Noted author and historian Stephanie Coontz will trace the surprising developments in the history of marriage in a public lecture, “Courting Trouble? The World Historic Transformation of Love and Marriage” at 5 p.m. Tuesday, Feb. 20 in White Hall, Room 206. The event is sponsored by Emory University’s Center for Myth and Ritual in American Life.

Marriage has changed more in the past 35 years than the previous 3,500 years, according to Coontz. As individuals and as a society, she says, we are still trying to sort out the consequences of these changes and how to cope with them.

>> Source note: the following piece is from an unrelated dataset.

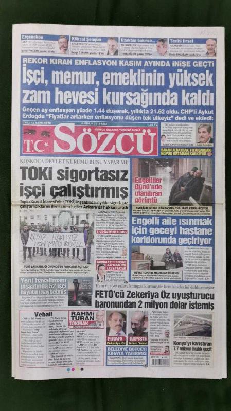 Sözcü Gazetesi 4 Aralık 2018 Dorukhan Toköz,Ozan Kabak,Bafetimbi Gomis,Ahmet Çalık,Güven Yalçın,Fikret Orman,Islam Slimani,Erwin Koeman,Mathieu Valbuena,Şevket Çoruh,Doğuş Balbay,Şule Çet,Süleyman Soylu,Zekeriya Öz,Berat Albayrak,Faik Öztrak,Mahir Ünal,Binali Yıldırım,Numan Kurtulmuş adlı eser, Kitap > Süreli Yayınlar > Gazeteler > Türkiye > Genel > Günlük kategorisinde İkinci El olarak satıştadır.

For thousands of years, marriage was not about love and mutual respect but about property, power and male dominance. It was only 200 years ago that love began to be central to the definition of marriage, and only 100 years ago that the long march to equality between men and women began, she says. Today, says Coontz, marriage has become fairer and more fulfilling than in the past, but also more optional and fragile.

Coontz teaches history and family studies at Evergreen State College in Olympia, Wash., and is director of research and public education for the Council on Contemporary Families, which she chaired from 2001 to 2004. She is the author of “Marriage, a History: From Obedience to Intimacy or How Love Conquered Marriage;” “The Way We Never Were: American Families and the Nostalgia Trap;” “The Way We Really Are: Coming to Terms with America’s Changing Families;” and “The Social Origins of Private Life: A History of American Families.” She also edited “American Families: A Multicultural Reader.” Her work has been translated into French, Spanish, German and Japanese.

The MARIAL Center is funded by the Alfred P. Sloan Foundation, one of five Sloan Centers on Working Families. The Emory center focuses its research on the functions and significance of ritual and myth in middle-class families in which both parents work outside the home.